When Father Jack arrived his face was wrinkled in smiles and he began talking at once. Peter went to take his suitcase with an affectation of politeness and it was then that I began to be as worried as Annabelle was. “Have a drink, Father,” Peter said.

“I think I will, thank you, I have a throat like parchment.”

“A good big one, there, that will be nice for you.”

“Aren’t you drinking, Peter?”

“No, I’ve given it up, I suppose that is dreadfully immoral of me.”

“Indeed, I hope not, I should not like to think so.”

“I hear that you think us all quite dreadful, Father.”

“Indeed I do not think that you are dreadful.”

“Myself, at any rate, you think I am most wrong.”

“There is no one, I suppose, who is not most wrong.”

“Can’t you do anything about it, Father, or would you like another drink?”

“I do not think I will have another drink, thank you.”

“Perhaps a little omelette which Annabelle will cook for you?”

“Thank you, no.”

“I am afraid we have nothing else to offer you. What can you do for people who are most wrong?”

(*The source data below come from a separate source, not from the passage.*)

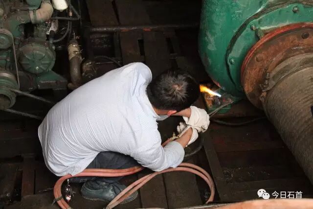 11日,在石首长江海事码头,执法组现场拆解了该“三无”采砂船舶的采砂泵、输砂管等。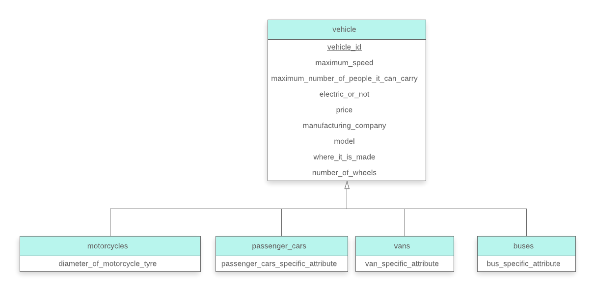 Design a generalization-specialization hierarchy for a motor vehicle sales company. The company sells motorcycles, passenger cars, vans, and buses. Justify your placement of attributes at each level of the hierarchy. Explain why they should not be placed at a higher or lower level.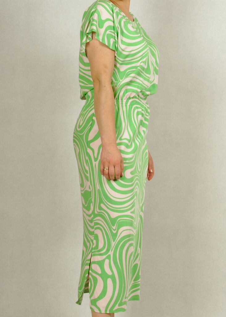 Sukienka midi z gumką w talii w zielone wzory /774/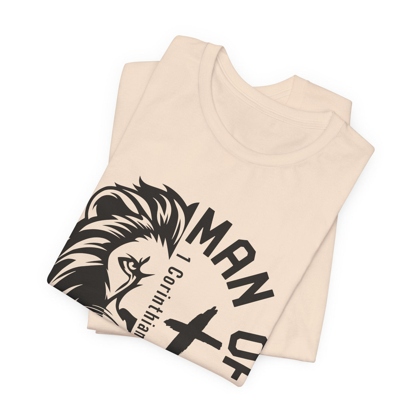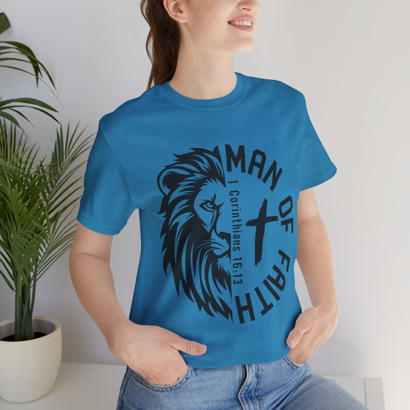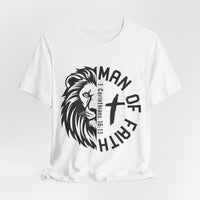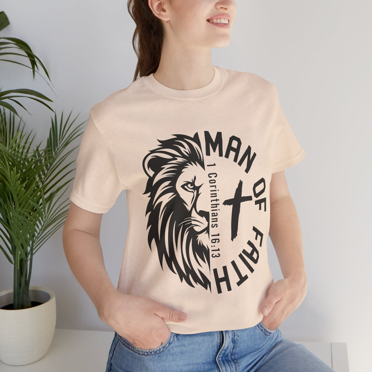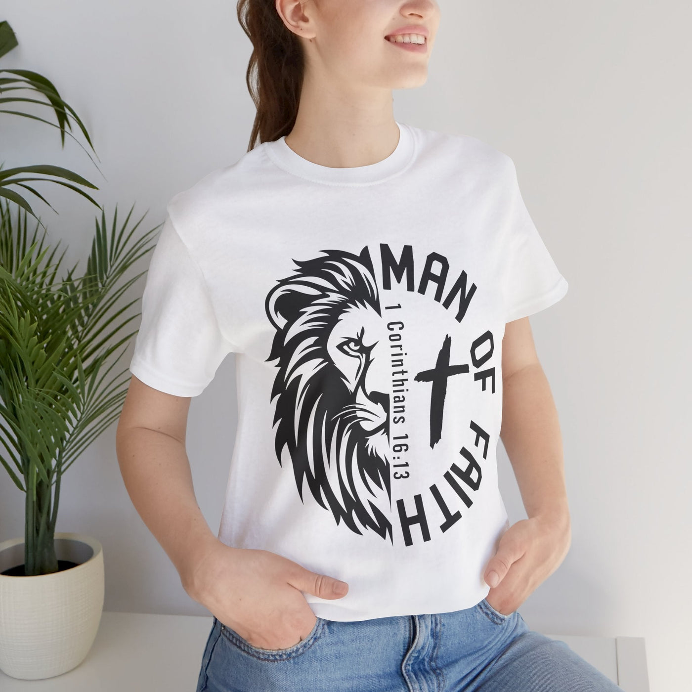 The Man of Faith Lion Graphic T-Shirt is a unisex jersey short sleeve tee made from 100% Airlume combed and ring-spun cotton for lightweight comfort and breathability. Featuring a bold lion graphic with a faith-inspired design, this Christian t-shirt is perfect for expressing spirituality and strength. Ideal for casual wear, church events, religious gatherings, or as a meaningful gift for believers, it combines style with inspiration. A versatile faith-based graphic tee, it’s a must-have for anyone who wants to showcase their values with confidence.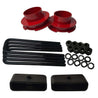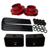 All contents of this kit are made in America by Road Fury and manufactured from only the finest materials. Each item is thoroughly tested for supreme quality, top-notch performance, and strict road safety requirements. Select your preferred front and rear lift heights, ranging from 1.5" to 3." Front spring spacers are available in black, blue, or red to truly customize your ride. The escorting u-bolts are square bend to match mating components and can be trimmed for different applications.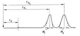 При рассмотрении разделения двух компонентов на хроматограмме и его оценке важным параметром является разрешение Rs, которое связывает времена выхода и ширину пиков обоих разделяемых компонентов (рис. 1.3):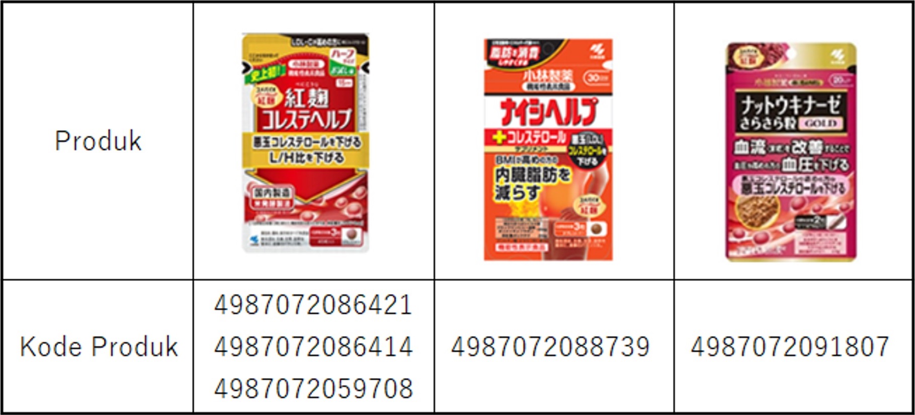 Saat ini, kami belum dapat mengidentifikasi bahan pastinya dan juga belum dapat mengidentifikasi dengan jelas hubungan sebab akibat antara produk ini dan masalah ginjal. Namun, sebagai tindakan pencegahan untuk mencegah penyebaran bahaya kesehatan kepada pelanggan kami, kami memutuskan untuk secara sukarela menarik kembali produk terkait “Beni-koji” yang tercantum di bawah ini sebagai Produk Subjek. Meskipun PT. Kobayashi Pharmaceutical Indonesia tidak menjual produknya di Indonesia, pelanggan yang telah membeli produk di Jepang, dll dapat menghubungi PT. Kobayashi Pharmaceutical Indonesia untuk meminta pengambilan.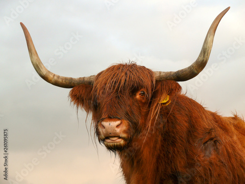 longhorn, highlander, portrait, rainy, cow, loll, tongue, bang, countryside, daytime, dutch, hairy, holland, horn, farm animal, long hair, looking, mammal, holland, pink nose, sky, sky background, standing, summer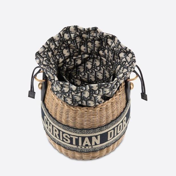 天然のウィッカーを昔ながらの手作業で編み上げた、タイムレスな「Dior Wicker (ディオール ウィッカー)」バケットバッグは、ディオールのサヴォワールフェールを体現したアイテム。ブルーの「ディオール オブリーク」ジャカードを使用したインナーポーチには、パッチポケットとドローストリングクロージャーを配しました。アイコニックなディオール「ブック トート」に着想を得た“CHRISTIAN DIOR”シグネチャーの刺繍入りバンドを飾ったこのバッグは、幅広の刺繍入りショルダーストラップを備えており、ショルダーまたはクロスボディスタイルでお使いいただけます。

“You must remember, I think, that one is wrong oneself.”

“Really? And is that an excuse for not doing anything?”

“Certainly it is not an excuse.”

“So?”

“But what are you asking me, Peter?”

“I am asking you what you do when the world is going to hell.”

“The world is not going to hell. It is individuals who may go to hell.”

“Then do you tell them the truth of this?”

“One is not in a position to say who will or who will not go to hell.”

“Do you tell them the truth?”

“The truth as you endeavour to see it.”

“Or do you endeavour to assert your superiority over them by every trick at your command?”

“You do not.”

“Then, again, what do you do for them?”

“I can tell them what to do but I cannot make them do it.”

“You lead the old horses to water but you cannot push them in?”

“People are not horses.”

“No, of course not, they are much wickeder than horses. So you drag them to the water and pour a bucketful over their heads. Is that what you do to help them?”

“It is something that may help them.”

“And if after the ceremony they commit all the crimes that human wickedness can imagine, you do not take this as an adverse reflection upon the ceremony but merely as an illustration that men are wickeder than horses?”

“There is no question of horses.”

“Have you ever known a horse that is so bestial as a Christian? All right, there is no question of horses, there is the question of the man to whom evil happens because he has no faith in eternity and the man who causes evil in the name of God.”

“They may both be punished.”

“And when there is an institution that does evil in the name of God, that for centuries has been responsible for more killing, starving, imprisoning, and torturing than any other institution in history, do you not take this responsibility as a reflection upon the institution or do you happily look forward to a further riot of punishment in the light of which these earthly crimes might indeed appear beautiful?”